A steady stream of Buncombe County residents queued up April 7 to voice opposition to loosening restrictions on mobile homes. During a public comment period lasting more than an hour, more than a dozen people rose to speak out against this type of housing, which wasn’t even on the agenda for the Board of Commissioners meeting.

The concern stemmed from local media reports that the county may consider allowing manufactured housing in all residential districts. Currently they’re allowed in R-3, low-density residential, employment and open-use districts, which together account for more than 80 percent of land in the county, though much of the open-use land doesn’t readily lend itself to siting mobile homes. R-1 and R-2 districts allow only site-built or modular homes.

Sarah Faulkner pointed out that although modulars are also considered manufactured homes, they’re expressly allowed in all residential districts. “The important difference between the two,” she continued, “is that mobile homes are considered personal property, like a car; modular homes are considered real property. This is significant when it comes to loan financing.”

The topic made national headlines when, earlier this month, The Seattle Times published “The mobile-home trap,” an in-depth investigation of Clayton Homes.

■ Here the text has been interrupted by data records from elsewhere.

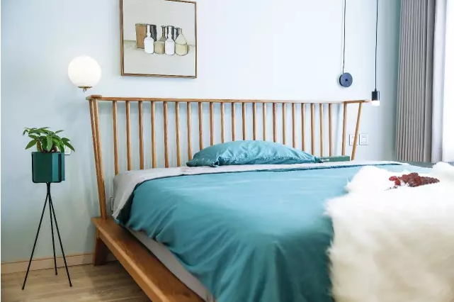 主臥風(fēng)格清新質(zhì)樸,營(yíng)造一種零壓力的自然感覺(jué),很容易讓身處其中的人心情平靜下來(lái)。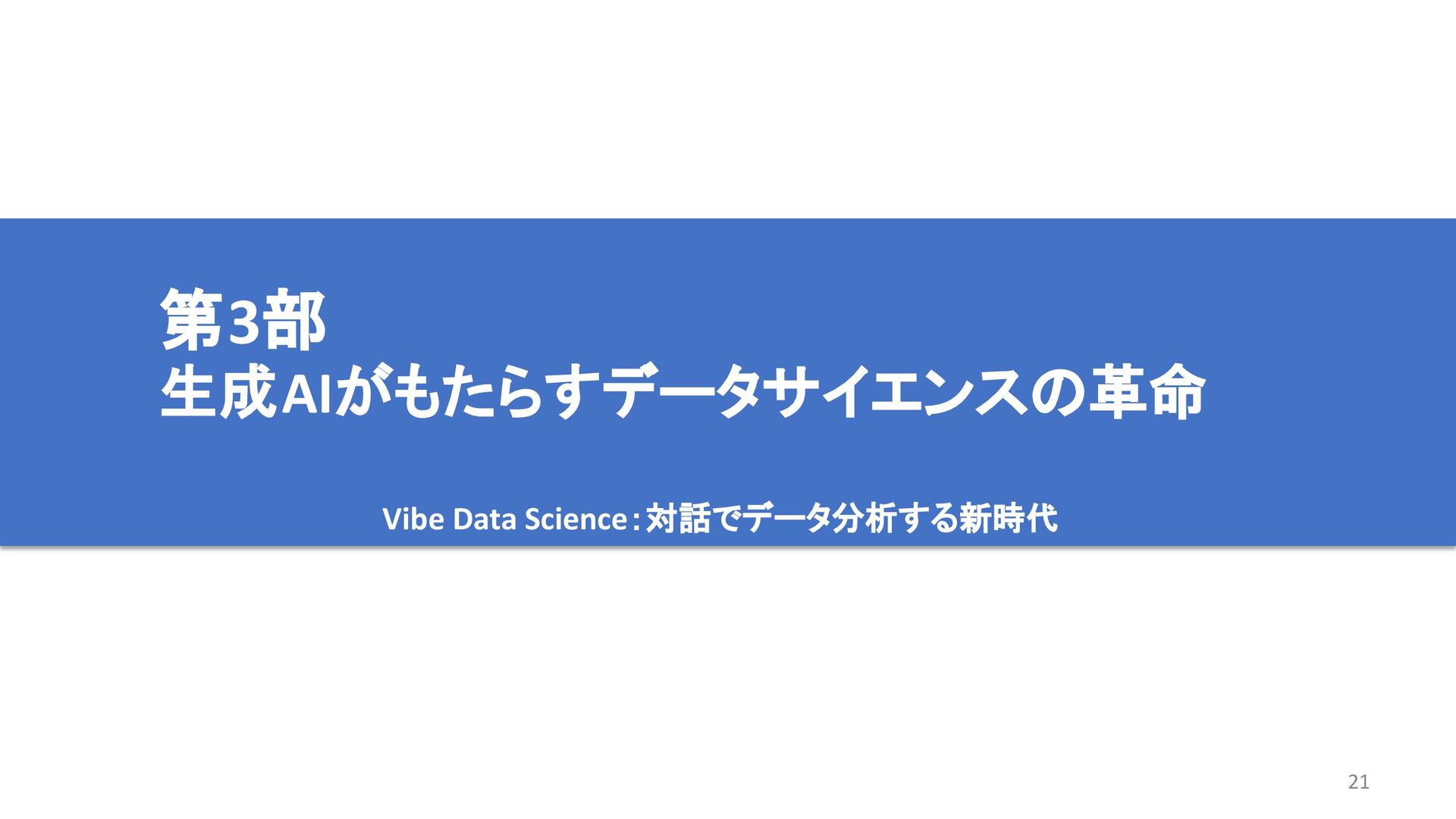 第3部 生成AIがもたらすデータサイエンスの革命 Vibe Data Science:対話でデータ分析する新時代 21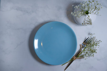 Pastel blue plate on pink and blue background, minimalist design. Culinary and dining concept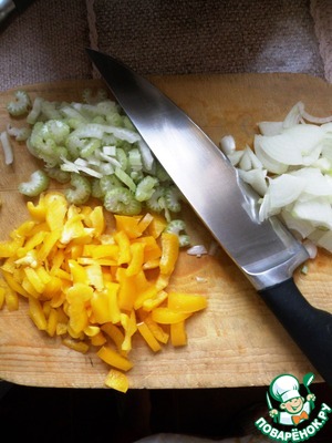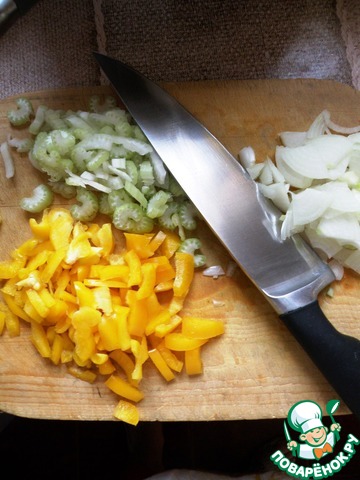 Слегка обжарить на масле лук, добавить перец и сельдерей. Тушить, помешивая, пару минут.
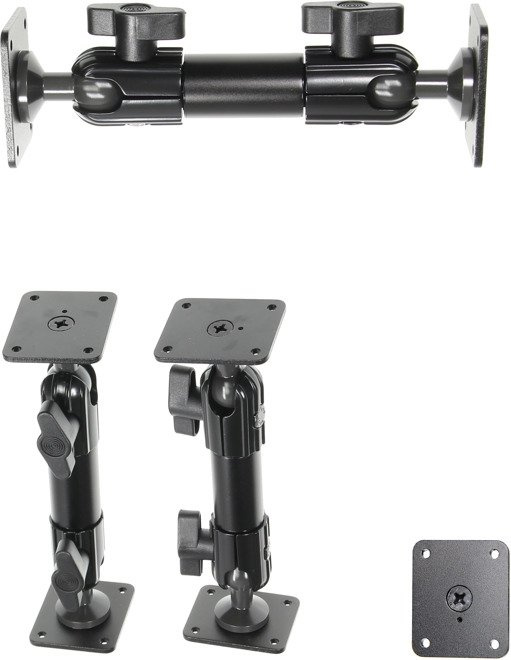 Podwójne ramię o długości 165mm, osadzone na przegubach kulowych z dwiema kwadratowymi podstawami o wymiarach 50x42mm z wstępnie nawierconymi otworami w systemie AMPs. Idealnie nadaje się na wózki widłowe, ale także doskonale sprawdzi się w innych zastosowaniach. Ramię posiada szeroki zakres regulacji, który wynosi 360 stopni w poziomie, a także 210 stopni jeśli chodzi o pozycje wertykalną bądź horyzontalną. Dodatkowo ramię posiada 2 zintegrowane z nim pokrętła motylkowe, dzięki którym można w bardzo prosty i szybki sposób wyregulować mocowanie bez pomocy narzędzi.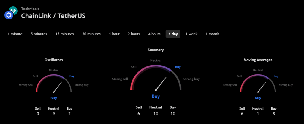 The technical analysis indicators such as Relative Volume (RVOL), Moving Average (MA), and Relative Strength Index (RSI) of Chainlink (LINK) are shown in the chart below.
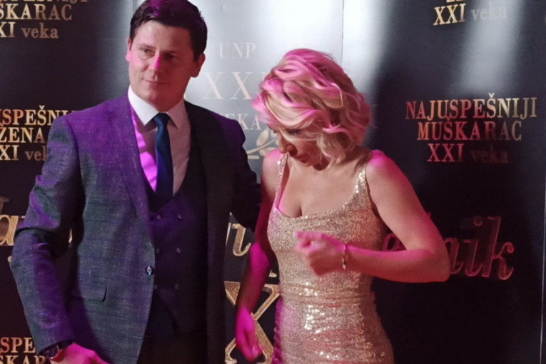 Foto: Republika.rs/G.DJovana je za ovu priliku odabrala elegantnu zlatnu haljinu sa dubokim dekolteom, sa kojim je muku mučila cele večeri.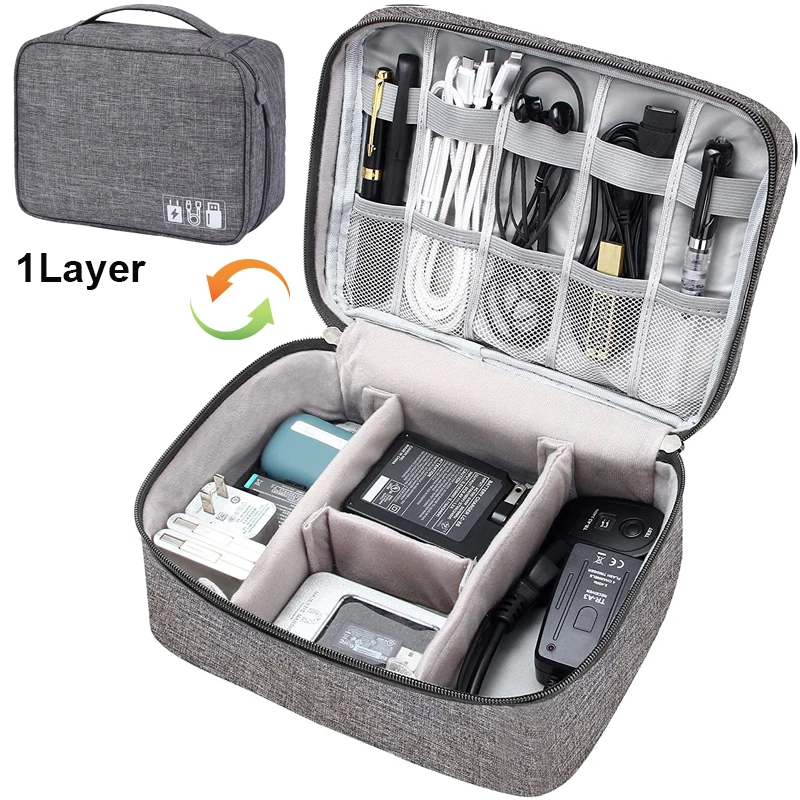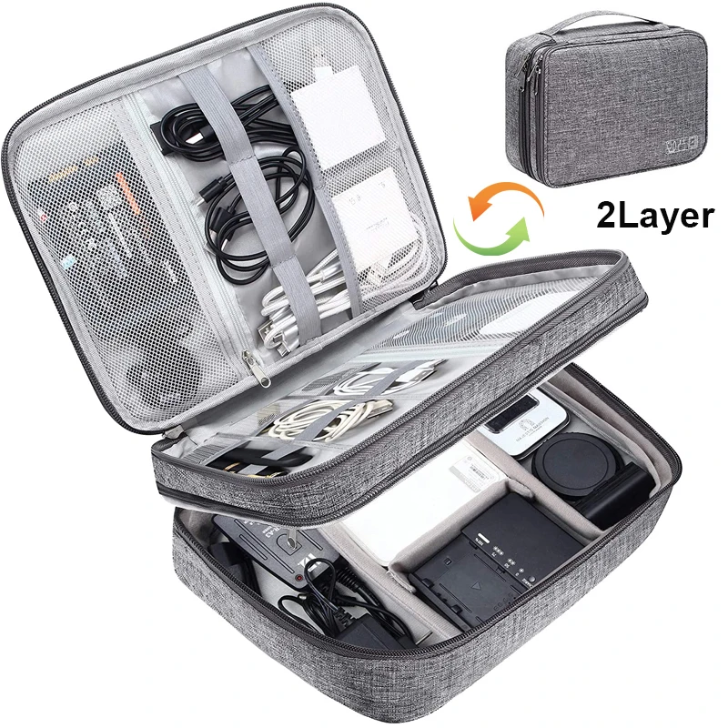 Get ready to jet off to your next vacation with this easy and convenient Cable and Digital Electronic Storage Case. Available in one layer or two, if you need even more space, this storage case has ample space for cables, chargers, chords, electronics, and more. Keep your luggage free from clutter and be able to find what you need at a moments notice. No more digging through your carry on luggage to find a charger while you're waiting to board a flight, with this easy organizer, you'll have exactly what you need, right where it should be.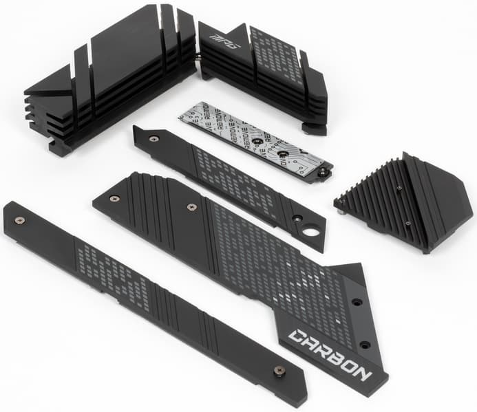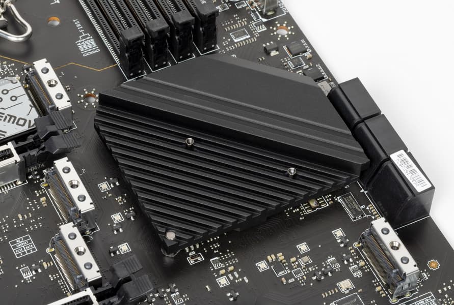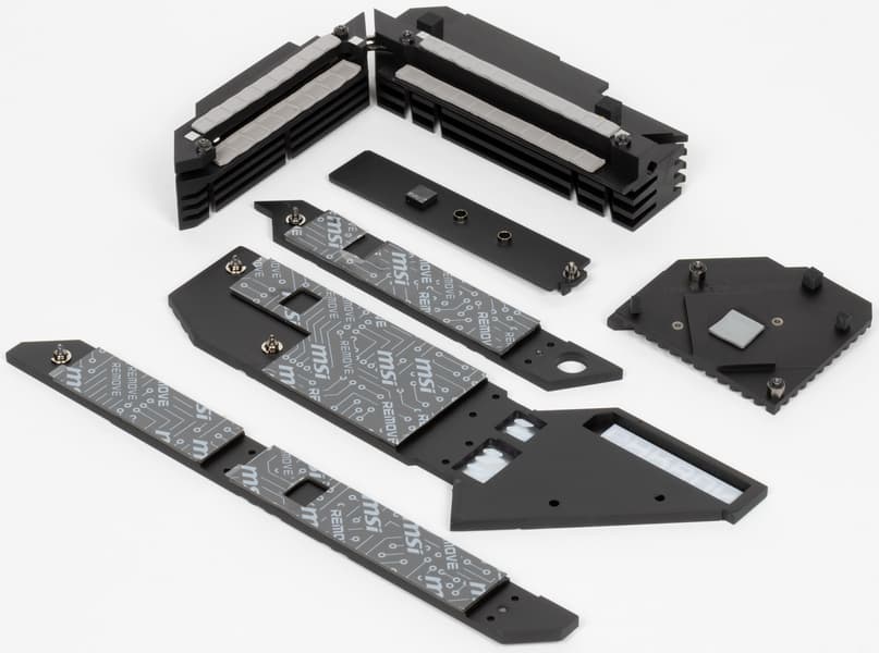 Все M.2 слоты имеют радиаторы. Верхний M.2_1 обладает отдельным радиатором, когда как остальные слоты M.2 имеют общие радиаторы (у М.2_2 и М.2_3 общий радиатор с чипсетом).

The nation’s largest manufactured home builder, the article charged, “relies on predatory sales practices, exorbitant fees and interest rates that can exceed 15 percent, trapping many buyers in loans they can’t afford and in homes that are almost impossible to sell or refinance.” The April 2 story is the first in a series of investigative pieces planned by the paper in cooperation with The Center for Public Integrity, a nonpartisan, nonprofit based in Washington, D.C. Speakers at the April 7 meeting repeatedly referenced the article.

In a subsequent interview, Board of Commissioners Vice Chair Joe Belcher, who worked for Clayton Homes of Candler for 28 years, took issue with those criticisms, however.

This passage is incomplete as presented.